Seprafilm Slurry Does Not Increase Complication Rates After Laparoscopic Colectomy

Adithya Suresh, MD, Ziad T Awad, MD FACS. University of Florida College of Medicine- Jacksonville

Seprafilm® adhesion barrier is proven to prevent adhesion formation after open abdominal and pelvic operations. However, with laparoscopy, a major technical roadblock is the delivery of these sheets into the peritoneal cavity. To avoid this problem, Seprafilm® slurry may be used to deliver the anti-adhesive barrier into the peritoneal cavity. The aim of this study was to evaluate the safety results, including incidence of postoperative complications and death after laparoscopic placement of Seprafilm® slurry in patients who underwent laparoscopic colectomy.

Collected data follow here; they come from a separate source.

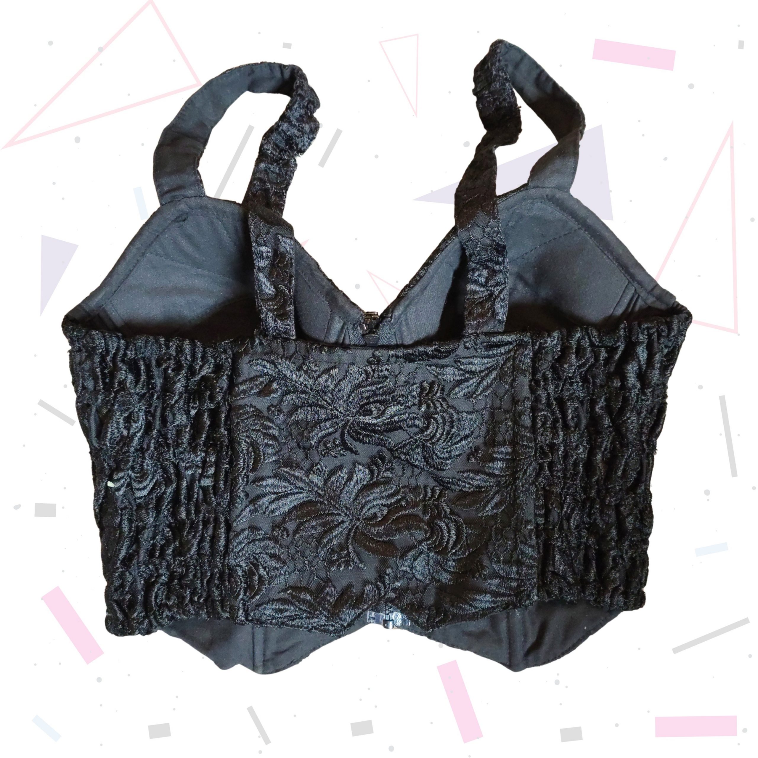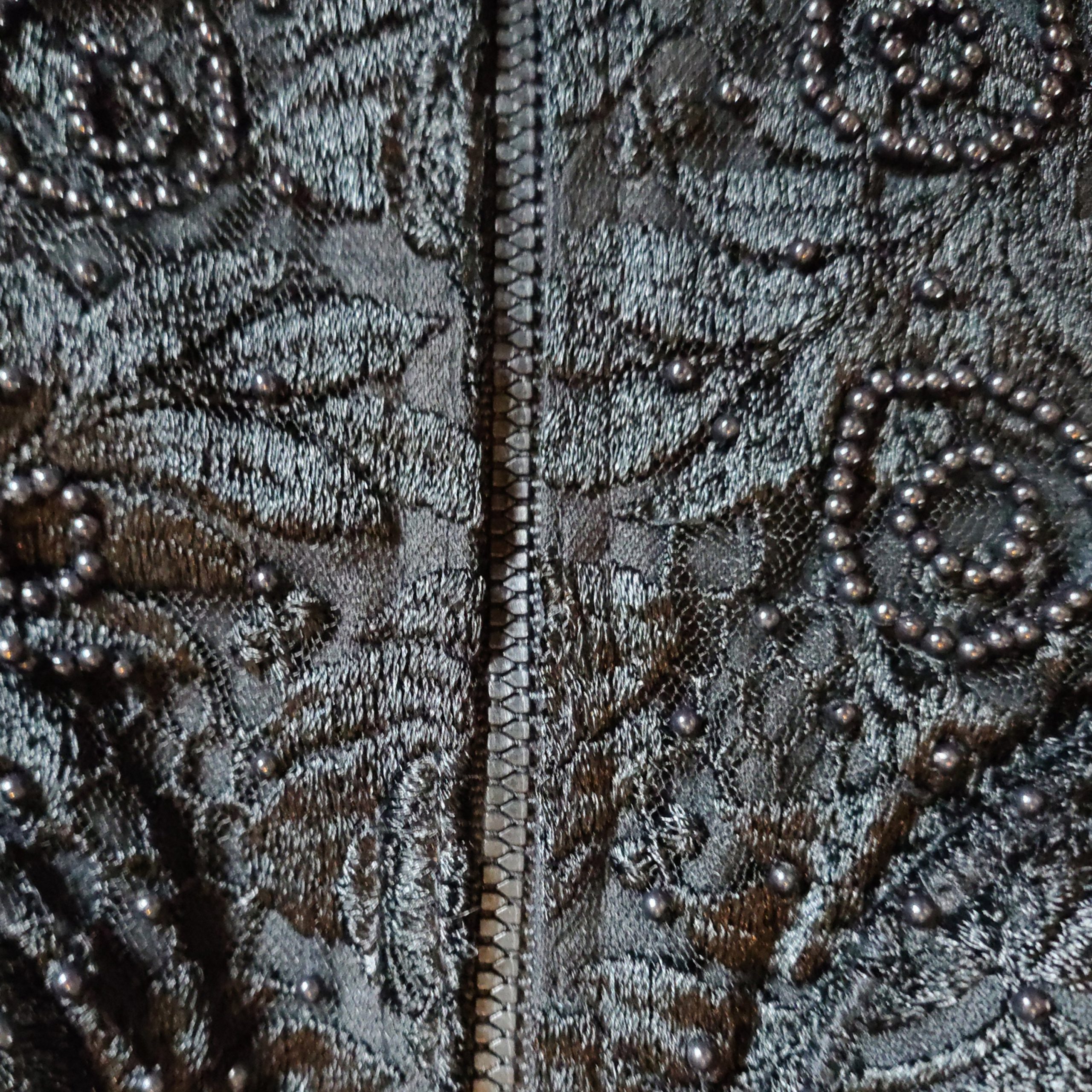 Details: Black lace and beading, zipper to front, elasticated around the back. Sits on the waist.
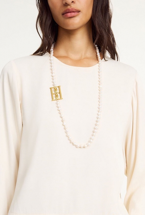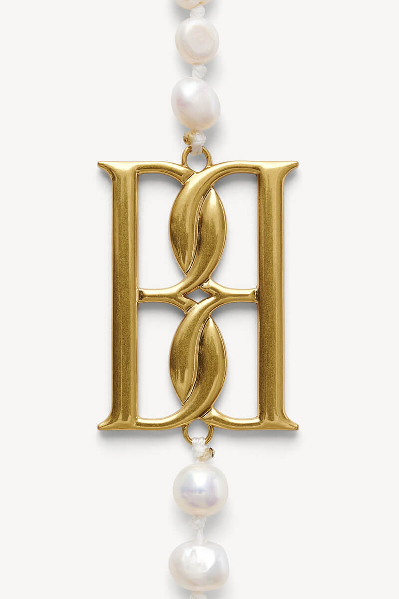 Tidlöst men ändå trendigt – ett pärlhalsband som lyfter varje look. De klassiska pärlorna möter en guldfärgad monogramlogga för en modern twist. Perfekt till allt från vardagsjeans till kvällsklänning. En smyckesfavorit att bära om och om igen.Halsband i sötvattenspärlor med guldfärgad monogramlogga från By Malene Birger.
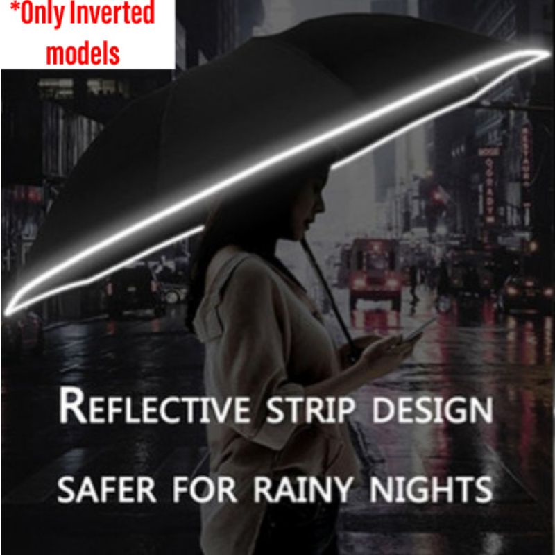 I like automatic. Nice small, colorful orange, thick UV umbrella. Length 28.5cm folded. Umbrella coverage diameter about 95cm. The Inverted umbrella is good for driver. length 34cm folded. Umbrella coverage diameter about 105cm.
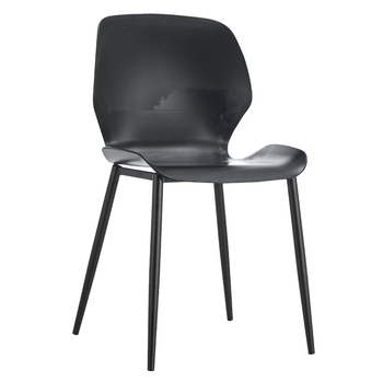 Silla de comedor ergonómica de plástico polipropileno negro con patas metálicas
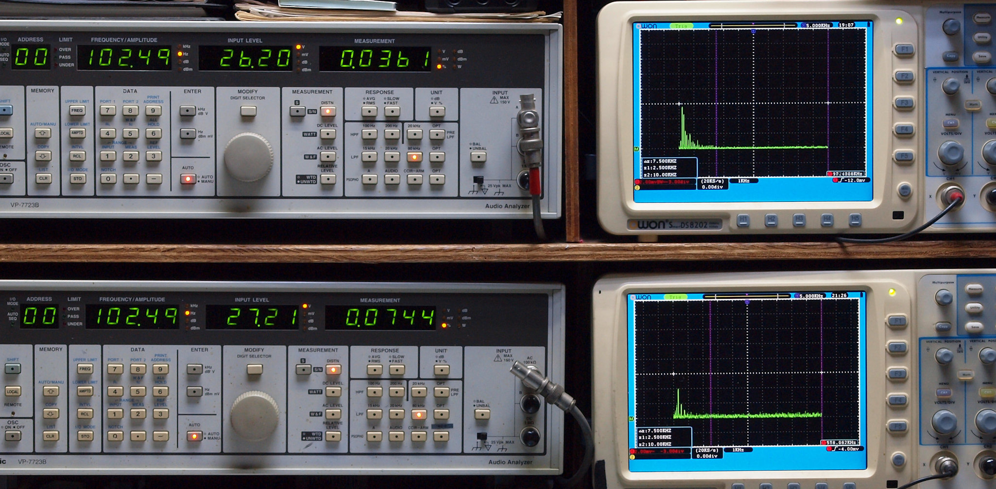 | E. 測定・調整。 画像をクリックすると、大きく(横幅2050ドット)表示されます。 E0. 出力・歪み率測定・調整 「見方」。 上段中 右側SP出力を「Audio Analyzer Panasonic VP−7723B」により測定。 表示LED、 左端=メモリーNo、 中左=周波数測定、 中右=出力電圧測定、 右端=歪み率測定。 上段右端 VP−7723Bの基本波除去出力を「owon SDS8202(200MHZ)」で「FFT分析」表示。 下段中 左側SP出力を「Audio Analyzer Panasonic VP−7723B」により測定。 表示LED、 左端=メモリーNo、 中左=周波数測定、 中右=出力電圧測定、 右端=歪み率測定。 下段右端 VP−7723Bの基本波除去出力を「owon SDS6062(200MHZ)」で「FFT分析」表示。 下段左端 オーディオ発振器 VP−7201A より50Hz〜100kHzの信号を出し(歪み率=約0.003%)、ATT+分配器を通し、AMPに入力。 よって、ダイアル設定出力レベルより低くなります。測定機器の仕様や整備の様子はこちら、「VP−7723B」「VP−7201A」。 FFT画面の見方はこちら。 入出力点検確認。 ライン1のアナログ入力、ライン2のバランス入力 、ライン出力点検確認済み。 デジタルNo1のST入力、デジタルNo2のBNCケーブル入力、デジタルNo3のRCAケーブル入力点検確認済み。 デジタルNo4の光ケーブル入力、デジタルNo5のSACD/1ビット入力(RCA入力)点検確認済み。 80kHz前後にクロック漏れが200mVPP(10mVrms)位あり、80kHzのローパスフイルターを挿入して測定。 仕様では、0.05%(1kHz、1W出力時) |
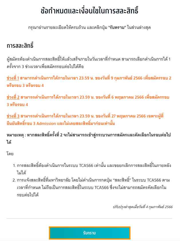 เมื่อเข้าสู่ระบบ ในวันที่ 6 พฤษภาคม 2566 ระบบจะแสดงข้อกำหนดและเงื่อนไขในการสละสิทธิ์
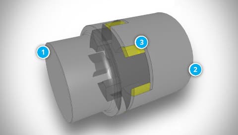 - Pružný element z polyuretanu dovoluje kompenzaci axiálních úhlových vyosení a radiálního přesazení
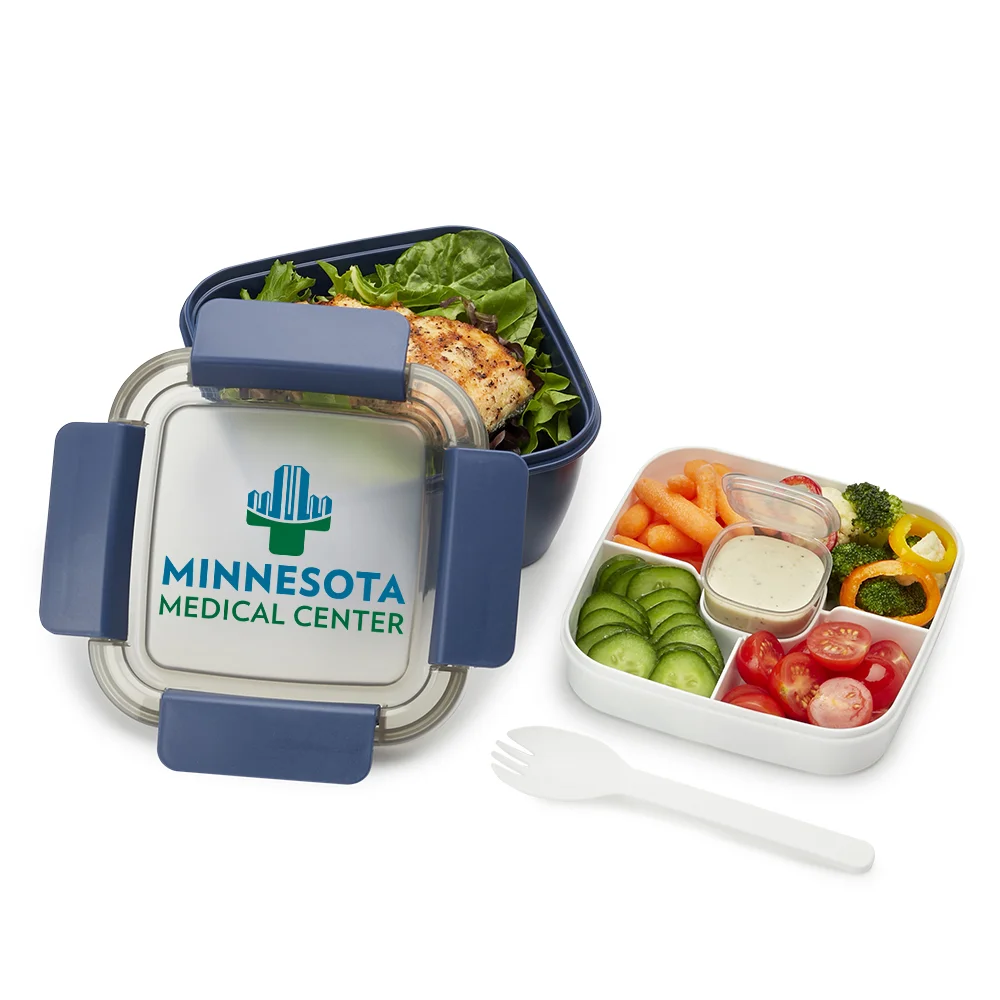 Personalized Food Container: Travel-friendly food container keeps entire meal fresh and organized; Plastic and silicone construction with hinged locking tabs creates an airtight, spill-resistant lid; Entree-sized bottom compartment holds 54 oz. (6.75 cups); Multi-compartment tray separates fruits, veggies, and sides; Sits on top of large compartment; Removable, lidded container in center holds 3 oz. of toppings, dips, or dressing; Included reusable fork tucks neatly inside; Eco friendly; BPA free; Note: Freezer, microwave, and dishwasher safe
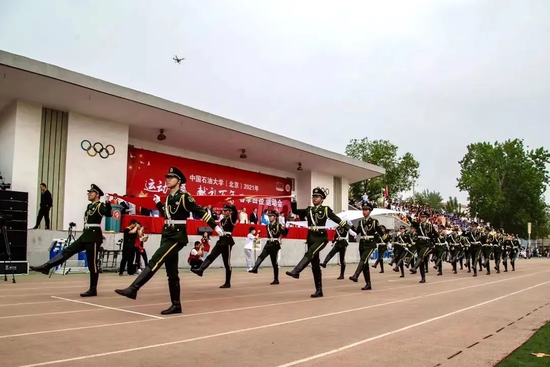 在红旗操场还曾留下中石大师生对建党百年的深情献礼。在学校2021年春季田径运动会上,师生在精彩的团体操方阵表演中通过不断变换队形,摆出“100”“1921”“2021”“CUP”等字样以及“党徽”等标志,这是对中国共产党成立100周年的深切祝福,是用行动践行着将青春献给党的郑重承诺!
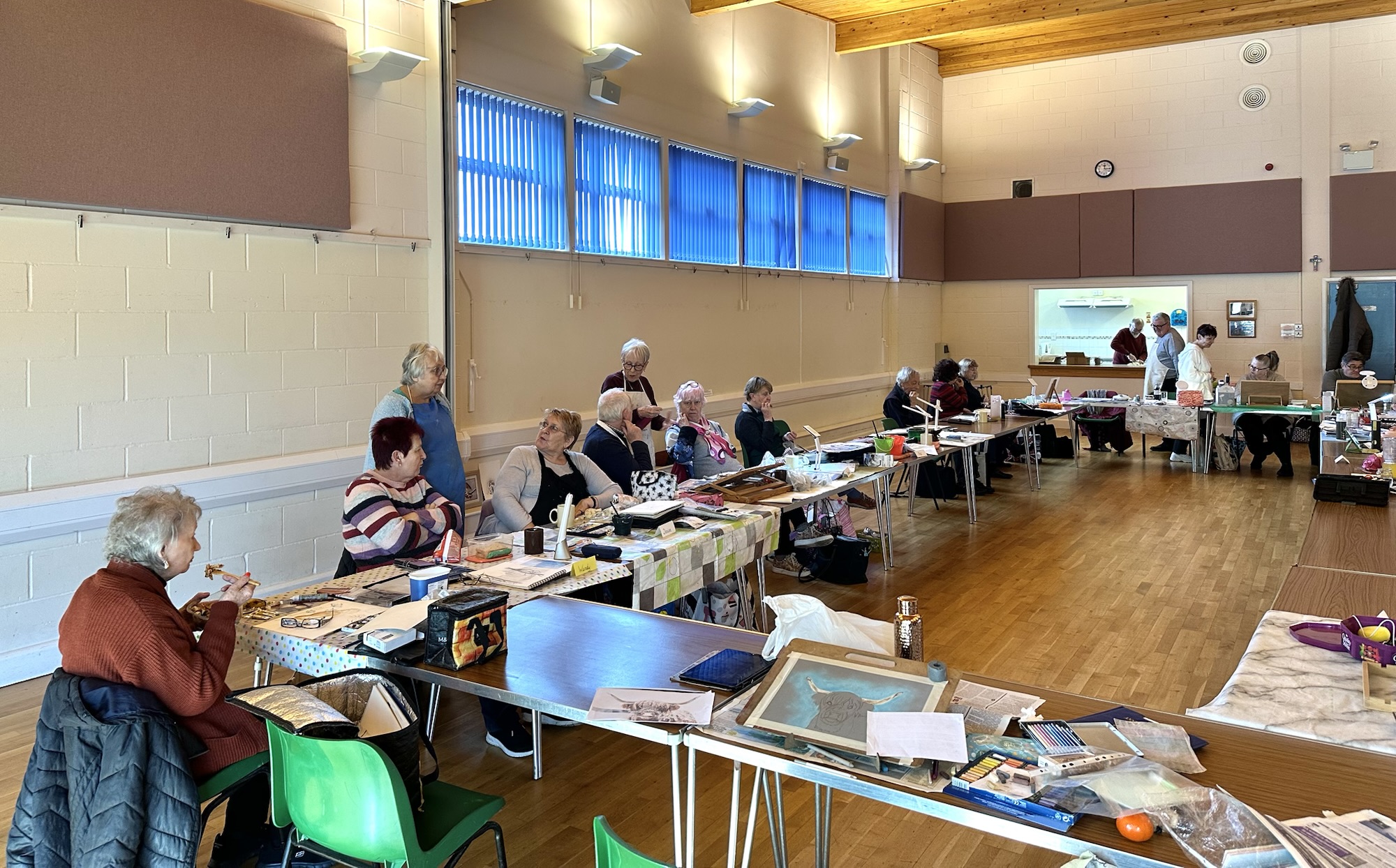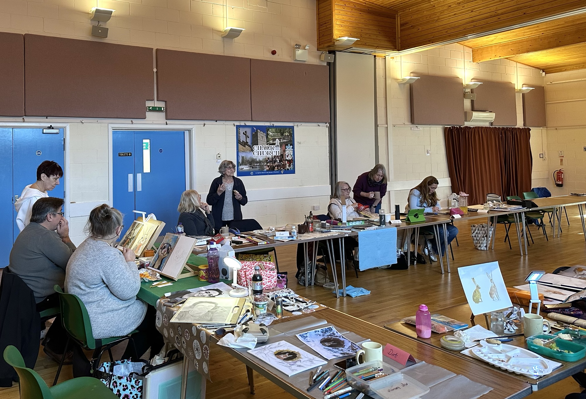 Our annual Open Day had 23 artists painting at the hall, 22 members and a young friend of one member being creative with us to see if she’d like to join the group. We welcomed about 40 friends, family, local residents and people who had seen the Open Day advertised on social media.
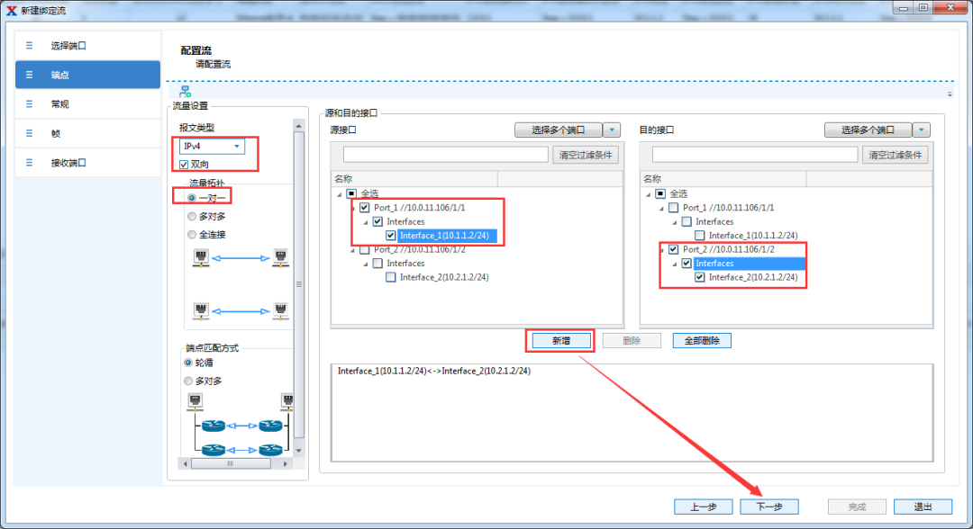 2、配置绑定流--选择源目接口,也就是对应的IP之间进行打流,在配置的时候可以选择是否添加UDP或者TCP包头,也可以配置对应的帧长,载荷参数等;
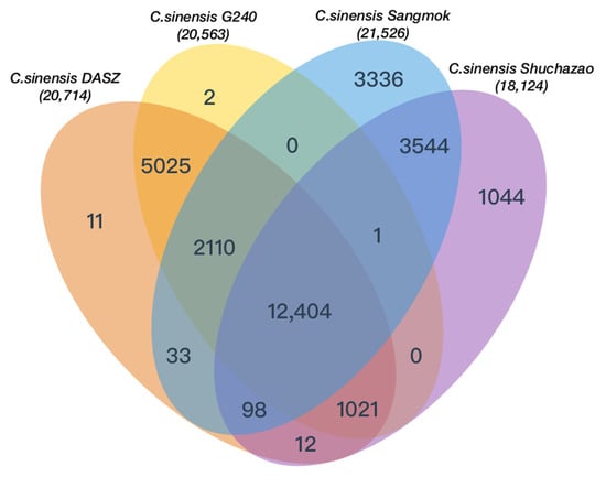 Venn diagram of orthologous gene families between ‘Sangmok’ and three C. sinensis strains.
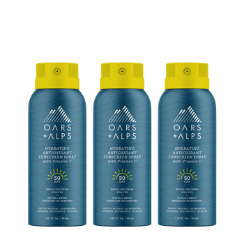 Our customer favorite SPF 50 Spray now comes in 3-pack travel size, perfect for taking on the go. This hydrating sunscreen with Vitamin C strengthens, hydrates, and brightens your skin while protecting you from harmful UV rays. Our light and non-greasy formula combines water and sweat-resistant Broad Spectrum SPF 50 with powerful antioxidants from Vitamin C and Alpine Caribou Moss™ to boost your skin's defense against the effects of the sun. To keep your skin hydrated, we add moisturizing Olive Leaf Extract and include less alcohol than a traditional SPF spray. Our Travel Size SPF 50 Spray is TSA-friendly and lightly fragranced in our Summer Splash scent, a refreshing blend of amber and coconut water.

Methods: 100 consecutive laparoscopic colectomies [(group1, n=50, no Seprafilm, 07/2007-06/2008); (group 2, n=50, with Seprafilm® slurry, 07/2008-05/2009)] performed by a single surgeon was analyzed. In group 2, at the end of the procedure, two procedure packs of Seprafilm® (each pack containing six 3x 6 inch sheets) was made into a slurry by dissolving it into 120 mL of warm saline. This solution was then delivered into the peritoneal cavity using a 16 Fr. catheter. Group characteristics were evaluated with regard to age, sex, body mass index (BMI), and ASA score. Six complications: abdominal or pelvic abscess, anastomotic leak, wound infection, subcutaneous abscess, re-admission and re-operation within the first 30 days after surgery were reviewed. The chi square test was used to detect frequency differences among the complications from what was expected. The Relative Risks with 95% confidence intervals were calculated to determine whether differences in complication rates between the groups were statistically significant. Mortality was examined qualitatively at the 30 day post-operative period as well. Statistical analysis was performed using SPSS version 18.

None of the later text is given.